For the listing below, the answer is an exact retyping of the lines from the one with "Obraz Portrait of" through the one with "行先:パトンビーチ、料金:40バーツ、出発:15時40分", both included, without pictures.

# Record extracts
■ ■ ■ ■ ■ ■ ■

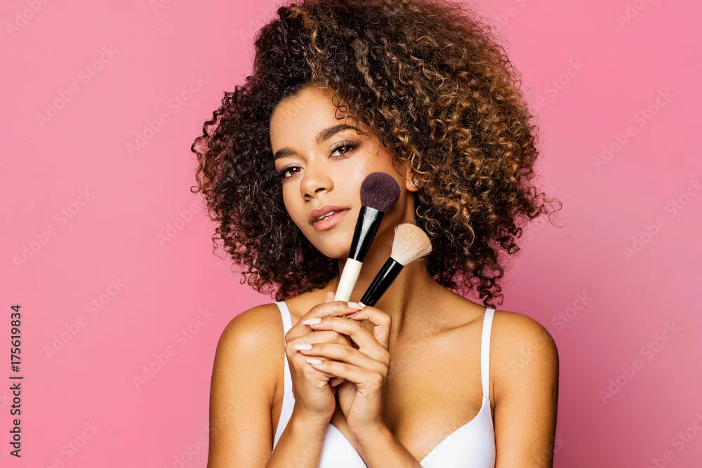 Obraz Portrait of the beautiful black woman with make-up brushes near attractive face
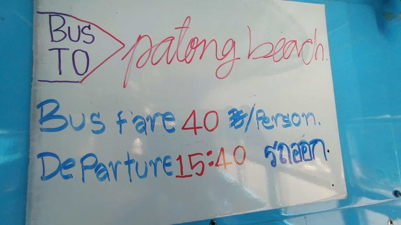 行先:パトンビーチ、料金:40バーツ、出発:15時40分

■ ■ ■ ■ ■ ■ ■

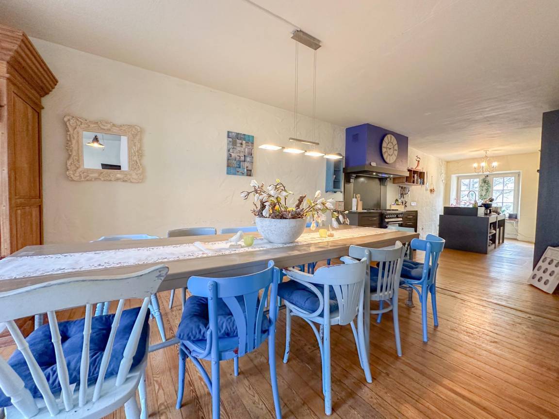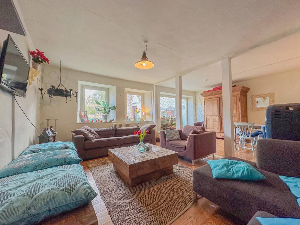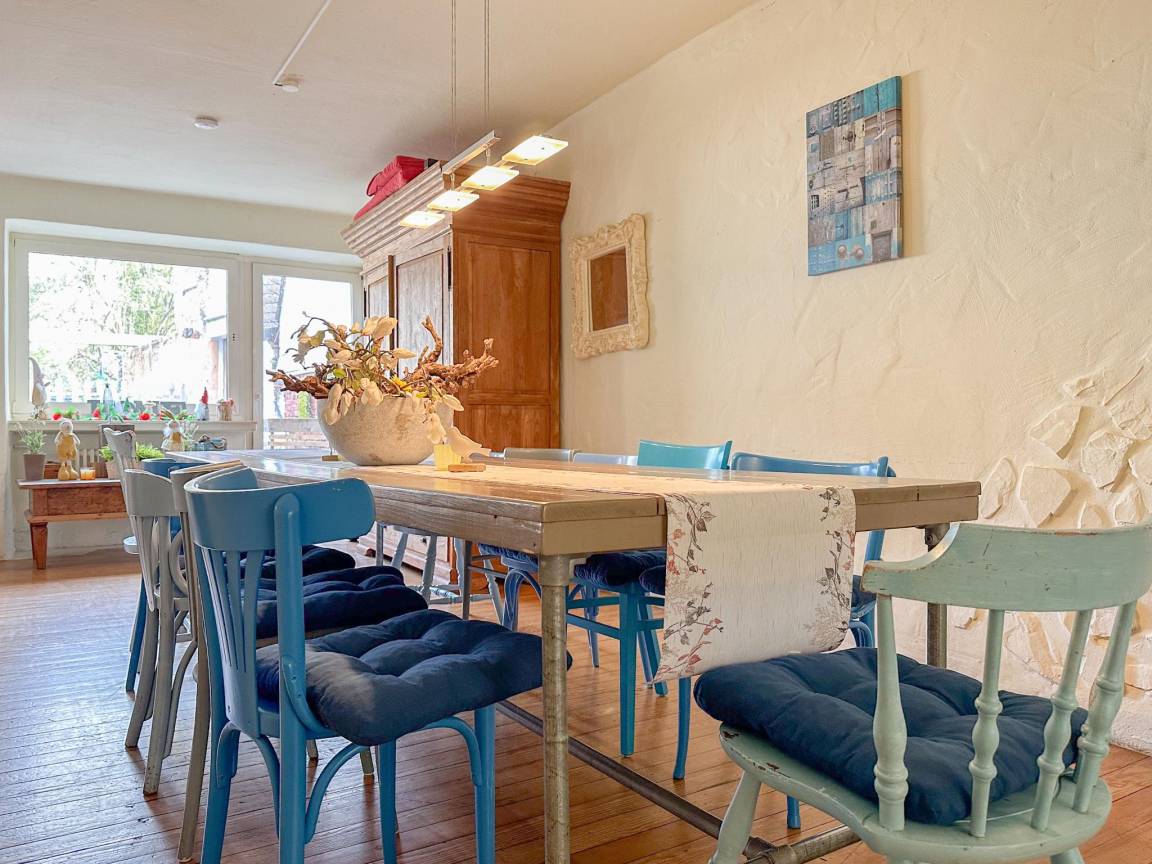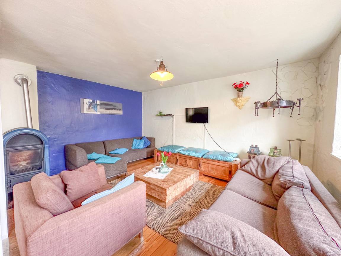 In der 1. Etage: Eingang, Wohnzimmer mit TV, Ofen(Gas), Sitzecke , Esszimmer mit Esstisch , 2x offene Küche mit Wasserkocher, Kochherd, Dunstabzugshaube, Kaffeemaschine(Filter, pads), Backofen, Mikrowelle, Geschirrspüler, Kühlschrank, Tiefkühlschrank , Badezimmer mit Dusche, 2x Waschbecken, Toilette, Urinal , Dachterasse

■ ■ ■ ■ ■ ■ ■

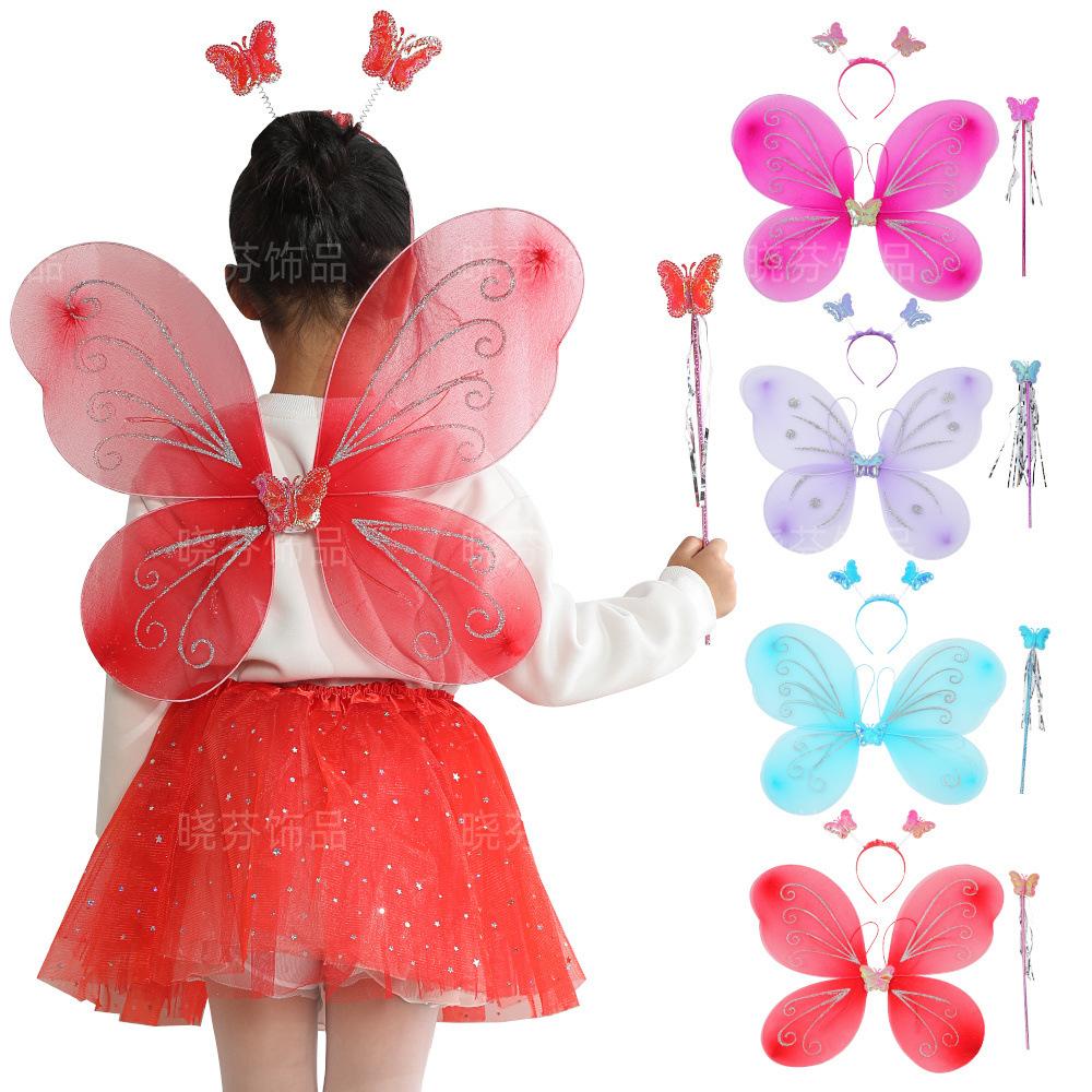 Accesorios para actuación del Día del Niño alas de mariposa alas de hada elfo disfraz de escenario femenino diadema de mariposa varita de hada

■ ■ ■ ■ ■ ■ ■

# Answer area
 Obraz Portrait of the beautiful black woman with make-up brushes near attractive face
 行先:パトンビーチ、料金:40バーツ、出発:15時40分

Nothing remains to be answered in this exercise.